Supplied data:
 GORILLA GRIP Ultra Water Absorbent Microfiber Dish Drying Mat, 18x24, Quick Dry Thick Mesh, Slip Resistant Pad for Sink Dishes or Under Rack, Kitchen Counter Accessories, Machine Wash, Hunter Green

--

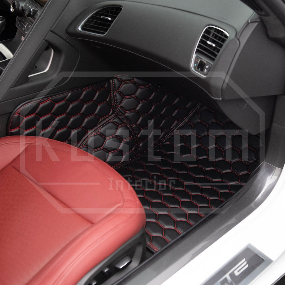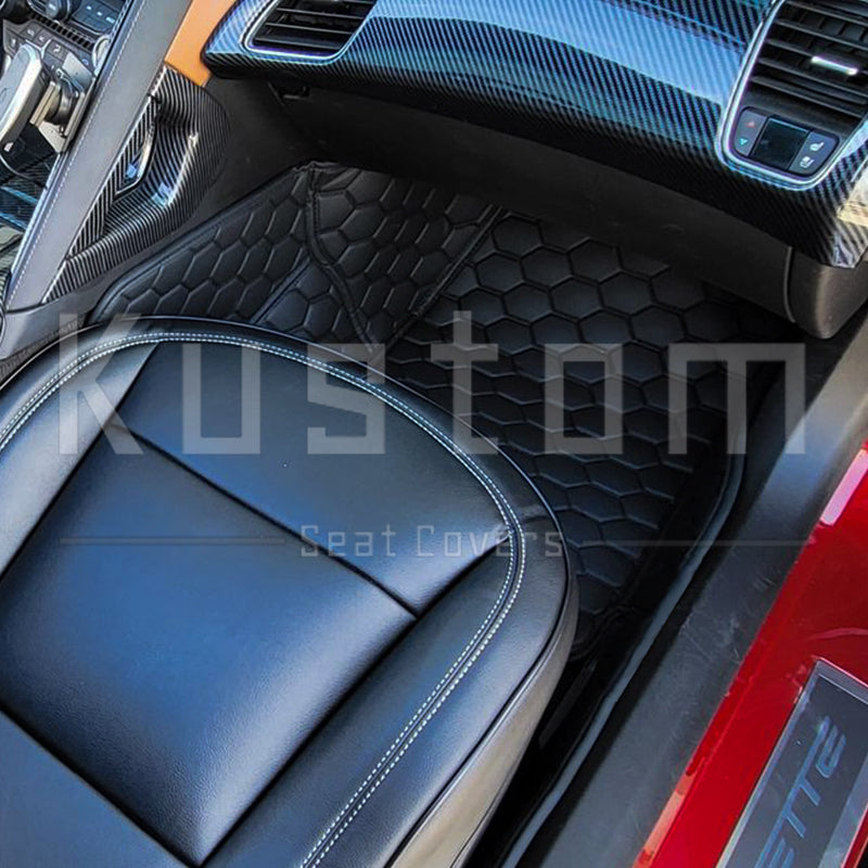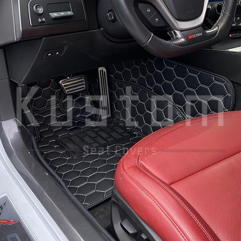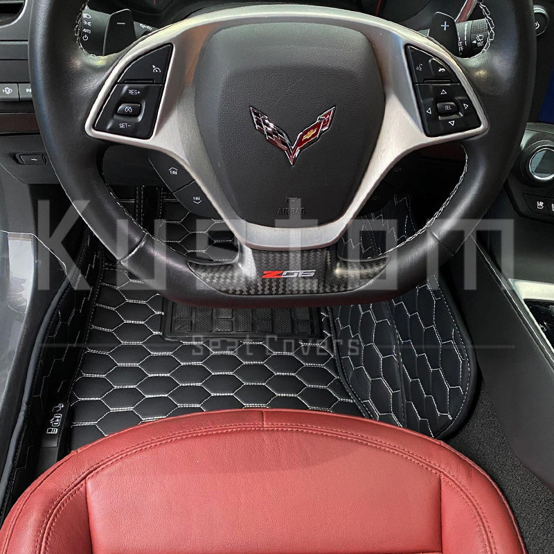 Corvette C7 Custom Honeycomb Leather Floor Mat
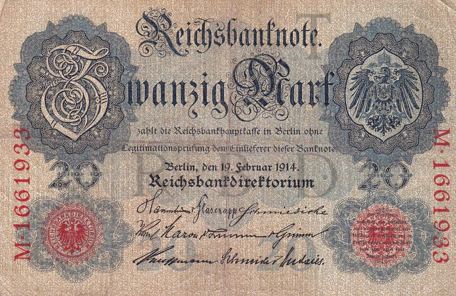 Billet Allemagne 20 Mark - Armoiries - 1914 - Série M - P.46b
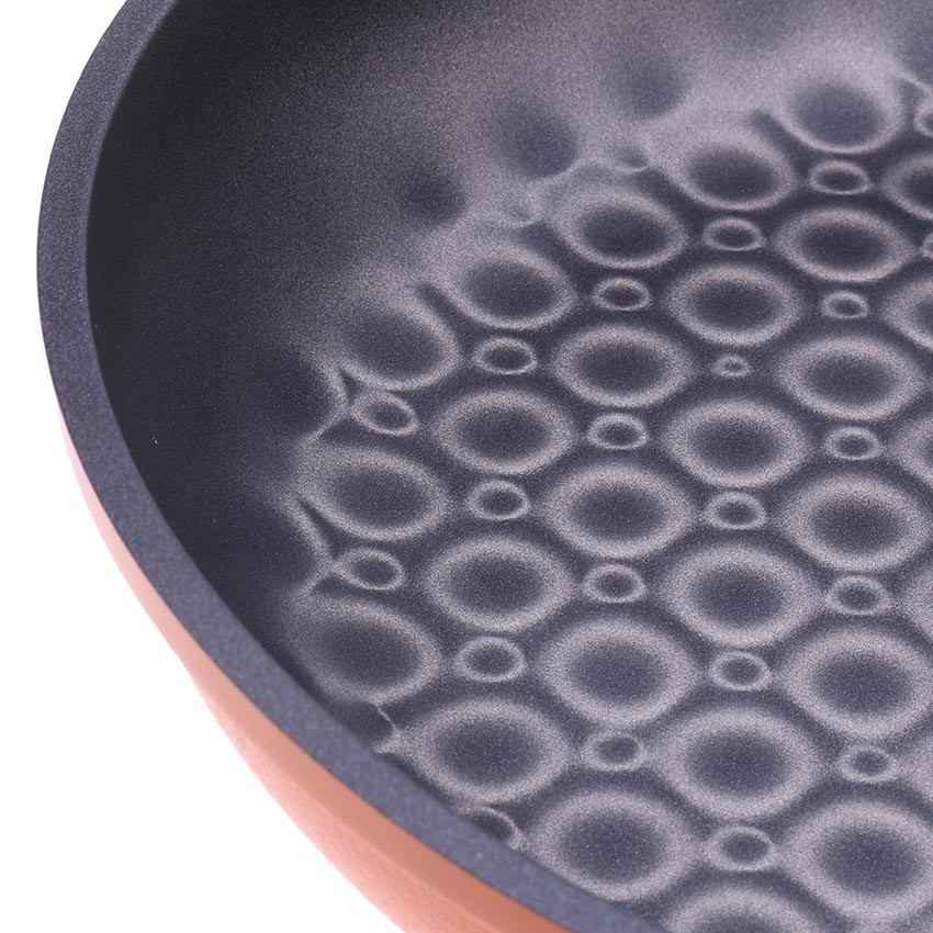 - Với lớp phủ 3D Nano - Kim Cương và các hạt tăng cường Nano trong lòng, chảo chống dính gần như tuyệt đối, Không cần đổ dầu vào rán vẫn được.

Exercise: Above this task is a listing with pictures in it. Retype only the lines from the one containing "Billet Allemagne 20" through the one containing "- Với lớp phủ", both included, and not the pictures.

Result below:
 Billet Allemagne 20 Mark - Armoiries - 1914 - Série M - P.46b
 - Với lớp phủ 3D Nano - Kim Cương và các hạt tăng cường Nano trong lòng, chảo chống dính gần như tuyệt đối, Không cần đổ dầu vào rán vẫn được.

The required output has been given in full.